Saturday, March 3, 2012

Not stupid: 640K ought to be enough for anybody

Supposedly, Bill Gates once said, "640K ought to be enough for anybody." Maybe he said it, maybe he didn't. Let's say he said it. Also ignore that the decision decision wasn't entirely his; IBM had their own requirements.

Anyway, he got ridiculed for it, but it was actually a pretty sane decision. The target microprocessor only supported 20-bit addresses, meaning it could deal with at most 1MB of RAM. The 640K of RAM was for OS and application stuff, leaving 384K for supporting services like video. You could argue that the line should have been drawn in a different place, but the implication of those mocking that quote is that he could have avoided drawing a line.

Okay, so it's 1981, and you're working on this operating system for the original IBM PC. You have an easy way to support 640K of RAM. Do you stick to that or go for the fancy way of doing things that allows you to use more? If you go the fancy route, you:

  1. Take more time to develop

  2. Introduce complexity

  3. Risk doing it wrong


The last part is the most important one. The machine supported 64KB RAM standard and 256KB if you maxed it out. Nobody had experience with a PC-like system that needed much more RAM than that. They could have guessed what future systems would need, and they'd probably be wrong. Not only would they be wrong, but they'd be wrong and boxed into a naive, ignorant implementation.

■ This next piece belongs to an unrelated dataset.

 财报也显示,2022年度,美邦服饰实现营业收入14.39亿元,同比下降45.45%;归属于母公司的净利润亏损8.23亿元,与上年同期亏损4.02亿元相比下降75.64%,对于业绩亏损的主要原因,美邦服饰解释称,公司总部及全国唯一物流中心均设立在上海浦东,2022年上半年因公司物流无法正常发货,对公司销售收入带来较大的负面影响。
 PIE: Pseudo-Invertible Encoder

Better to kick that can down the road to a time when they needed to solve it. Waiting until then isn't (just) lazy, it's also a way to increase the chances of solving the problem right, because waiting until you need something generally means you end up with a pretty good idea of what you need.

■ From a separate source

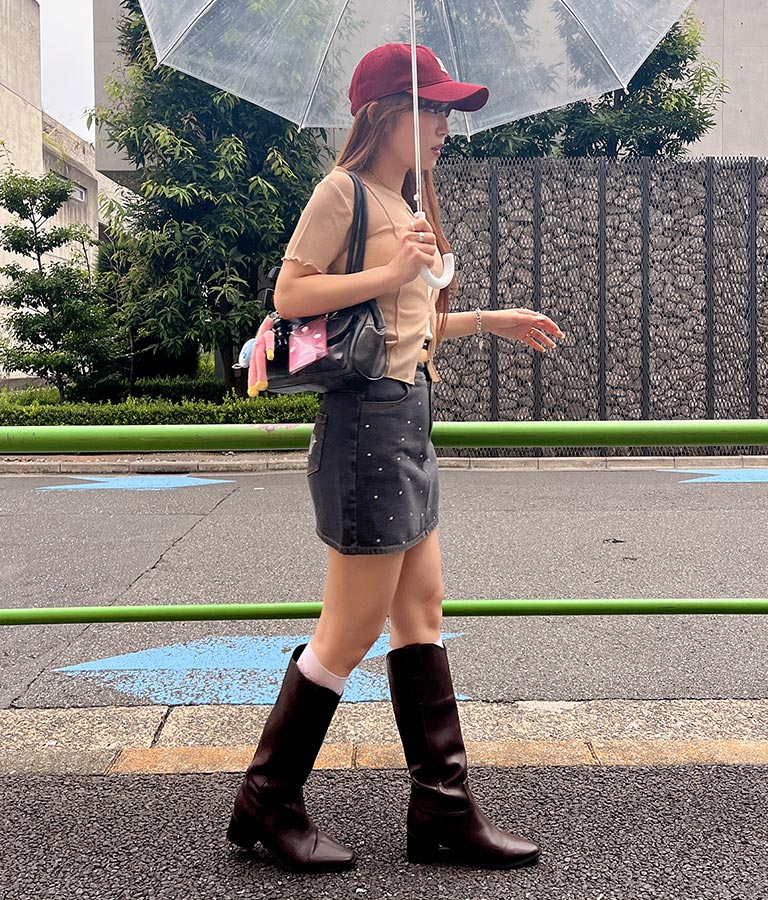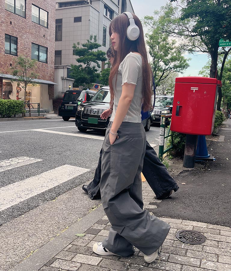 コンパクトなサイズ感なのでボリュームのあるボトムやシューズを合わせるのがおススメ◎

"640K ought to be enough for anybody who's running DOS." If they get to a point where they need more than that, they're already so far beyond DOS's design that the 640K RAM limitation will be only one of multiple. Why eliminate just one of the blockers to that future user? It costs more now, costs more later, and doesn't even help. There's no such thing as infinite scalability, and building in hard limits to a system's capacity is the only sane way to build anything.

You have to draw a box around what you're trying to do. You've got to say, "I'm only going to solve this much." If you make the box a little too big, you probably won't solve anything well. If you make the box much too big, you won't solve anything at all. Solve the smaller problem well, and then come back later to make the box bigger.